WASHINGTON: Each time Donald Trump is indicted -- and that has now happened four times since March, with the latest election interference charges in Georgia -- he raises serious campaign cash and gets a bump in opinion polls.

Instead of damaging the former president's image, his legal troubles, for now, offer him valuable political capital in a country where winning the White House costs billions of dollars.

On Sunday, even before charges were formalized in Georgia against the 77-year-old Republican, he fired out an email to his supporters, inviting them to fight back... by reaching for their wallets.

"The Biden Department of Justice is trying to JAIL ME FOR LIFE," he said, before asking his fellow "patriots" to give from $24 to $1,000 to his bid to be the Republican Party's candidate in 2024.

"Our Republic is hanging by a thread, and America needs you right now."

$4 million in 24 hours

Since he was first charged with criminal wrongdoing in New York, the feisty onetime reality television star has inundated his backers with text messages and emails of a similar ilk, always peppered with inflammatory language.

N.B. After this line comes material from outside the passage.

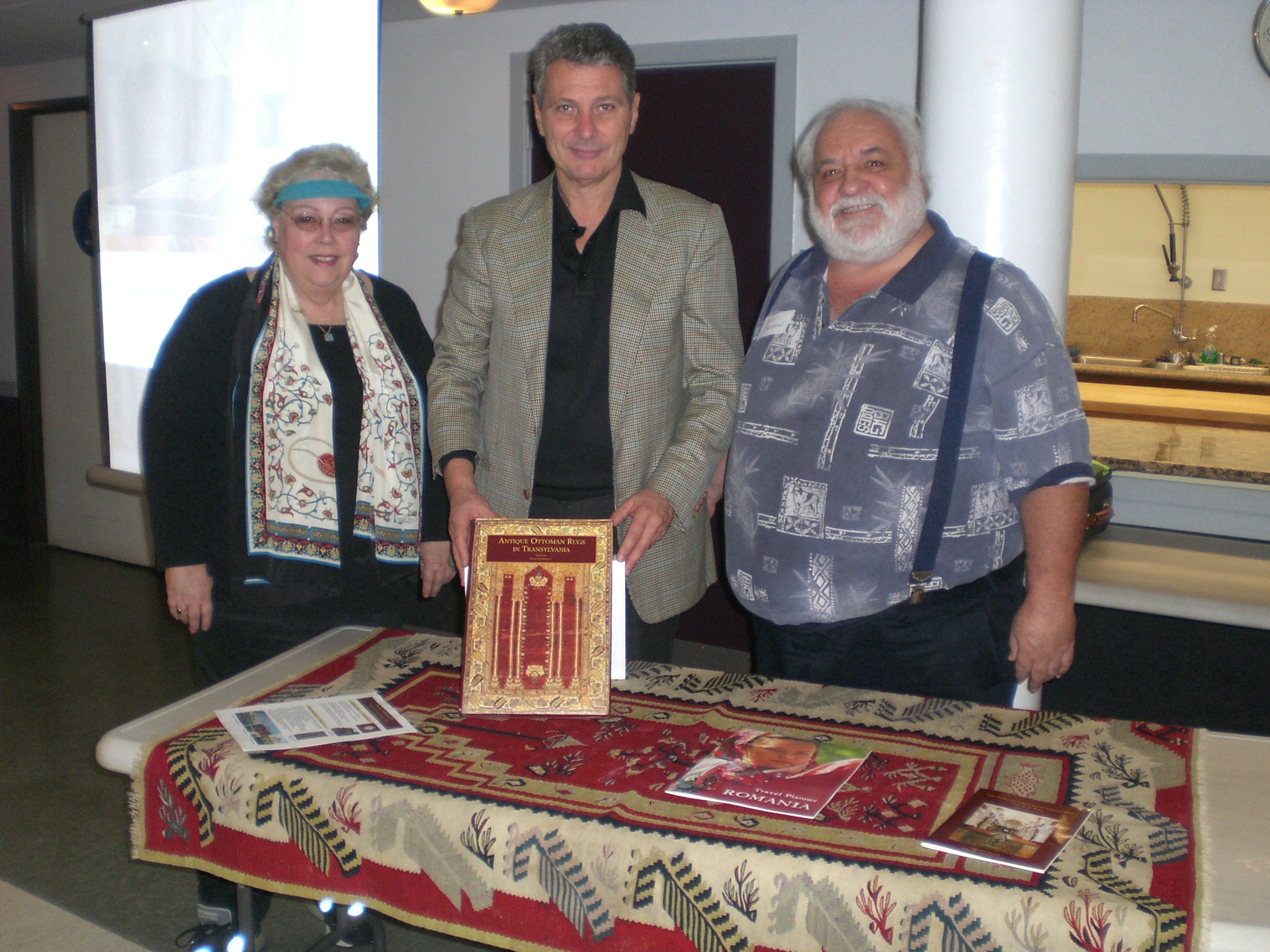 Linda Mansouri, president of the Textile Museum Associates of Southern California greeting the participants at the talkStefano Ionescu's best friends in LA: Cheri Hunter and Dennis Marquand Joyce Corbet, curtor of a wonderful exhibition at the Mingei Museum, San Diego: Folk Art Treasures of RomaniaVal Arab and Joyce Corbett: passion for textiles!
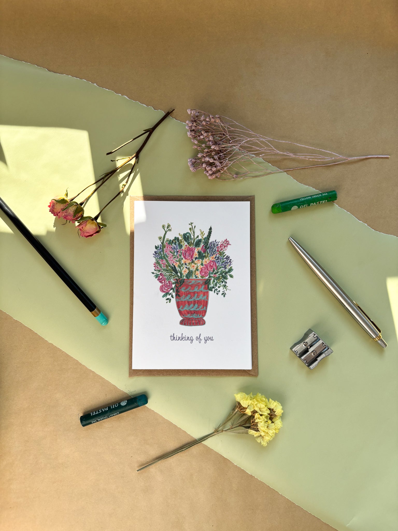 I designed the illustration for this card using mixed media such as gouache paint, pencils and oil pastels.

Criminal charges against him? All "witch hunts." Democratic President Joe Biden? A "crooked" leader of a "tin-pot dictatorship" whose government is conspiring to "eliminate their leading opponent."

So far, the strategy is working: the Republican's campaign team announced they had raised more than $4 million in 24 hours after his first indictment in March in New  York, over hush money payments made to porn star Stormy Daniels.

Team Trump also boasted about raising nearly $7 million after he was charged in federal court in Florida in June over his handling of top secret classified documents -- the first time a sitting or former commander-in-chief has ever faced federal charges.

In a sign of the influence that the real estate tycoon still wields over his conservative base, thousands of Americans heeded the call to donate.

One of them is Jim Wood, a retiree first encountered by AFP in Washington on January 6, 2021, the day of the deadly assault on the US Capitol by Trump's supporters.

Since the Republican billionaire's first indictment, Wood has donated nearly $400 dollars to his campaign, according to publicly available campaign finance data.

The 60-something from New Hampshire says he is convinced that Trump is the victim of political persecution.

"Even if he's in jail, I'll still send him money," he told AFP.

- Double-edged sword -
Trump's campaign war chest and the engagement of his supporters are even more spectacular given that his fundraising efforts before his legal woes intensified were not as successful.

With each new investigation, the Republican has benefitted from what analysts have called an "indictment bump."

A similar boost has been seen in the polls -- since the New York charges were laid, the former president has gained nine percentage points in the race for the Republican nomination, according to polling data aggregator RealClearPolitics.

"Any time they file an indictment, we go way up in the polls," Trump said earlier this month.

"We need one more indictment to close out this election."

Even if Trump and his entourage are happy to brag about their fundraising successes on the back of his mounting legal problems, these cases are a double-edged sword.

The candidate has had no choice but to dip into the campaign coffers to pay millions of dollars in legal fees linked to the indictments -- money that could have otherwise been used for television ads, rallies or campaign swings nationwide.

"His legal expenses are through the roof. Trump has already spent a large percentage of his contributions on legal expenses," Larry Sabato, a political scientist at the University of Virginia, told AFP.

"And those expenses will only go up for months and months, maybe years, to come."